Health & Medical Kidney & Urinary System

Drug Insight: Emerging Therapies for Amyloidosis

Drug Insight: Emerging Therapies for Amyloidosis
Amyloidosis is a clinical disorder caused by extracellular deposition of proteins that are normally soluble as insoluble, abnormal fibrils that impair organ function. More than 20 unrelated proteins can form amyloid fibrils in vivo. All fibrils share cross-β core structure and pathognomonic red-green birefringence when viewed under cross-polarized light after staining with Congo red. Amyloidosis can be acquired or hereditary, localized or systemic, and is classified according to the fibril precursor protein. Local amyloid deposition occurs in the brain in Alzheimer's disease and in the pancreas in maturity-onset diabetes, but a direct role in the pathogenesis of these diseases remains unproven. Systemic amyloidosis, with amyloid deposits in the viscera, blood vessel walls and connective tissues, is usually fatal and is the cause of about one death per thousand in developed countries. Recent elucidation of fundamental aspects of the pathogenesis of amyloidosis, and developments in diagnosis and monitoring of this disorder have greatly improved outcome for patients. Several exciting novel therapeutic strategies, reviewed in this article, are in development. These include interference with different stages of fibrillogenesis and enhancement of clearance of amyloid deposits.

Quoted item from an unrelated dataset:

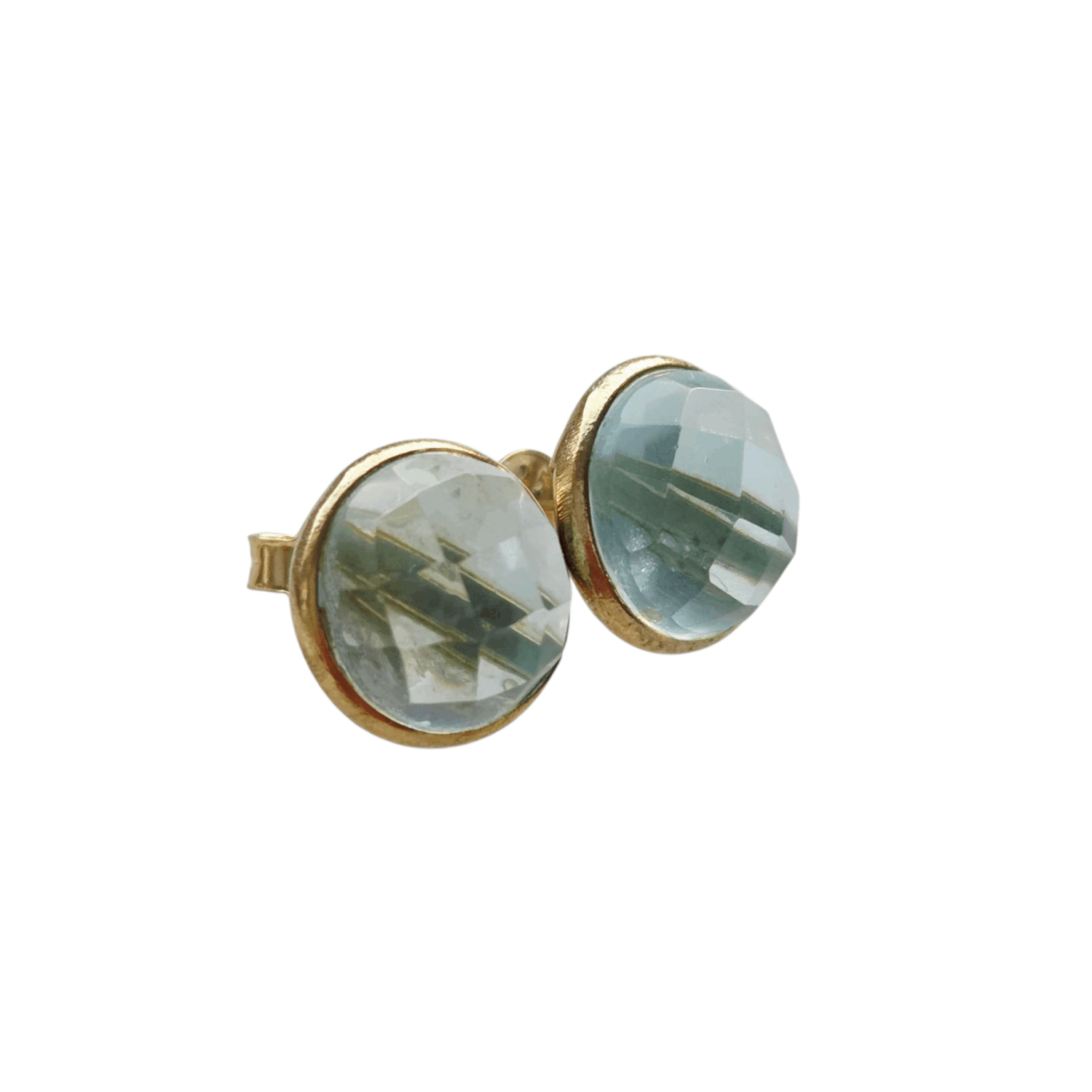Oorknopjes met blauwe Zirkonia 10 mm, gold plated met 925 zilver kern. Fris en inspirerend.

Amyloidosis is a disorder of protein folding in which normally soluble proteins are deposited as insoluble fibrils that have a characteristic, highly ordered abnormal conformation that progressively disrupts tissue structure and impairs function. Some 20 different unrelated proteins can form amyloid in vivo, and clinical amyloidosis is classified according to the fibril protein type ( Table 1 ).

Amyloid deposition can be systemic or localized, and life-threatening or merely an incidental finding. Systemic amyloidosis, in which deposits can occur in any organ except the brain, remains potentially fatal despite increasingly effective treatment of conditions that underlie amyloid deposition and improvements in organ-specific supportive measures. Localized amyloidosis, in which deposits are confined to specific foci or to a particular organ or tissue, is often clinically silent but can be associated with serious disease, such as hemorrhage in local respiratory or urogenital tract AL amyloid.

Local amyloid deposits are also hallmark pathological features of Alzheimer's disease, type 2 diabetes mellitus and prion disorders in which the pathogenetic role of the amyloid remains unclear. Although these conditions will not be discussed in detail in this Review, it should be noted that emerging therapeutic strategies for systemic amyloidosis aimed at inhibiting amyloid fibrillogenesis, promoting regression of amyloid deposits, or both, might also be applicable to these diseases.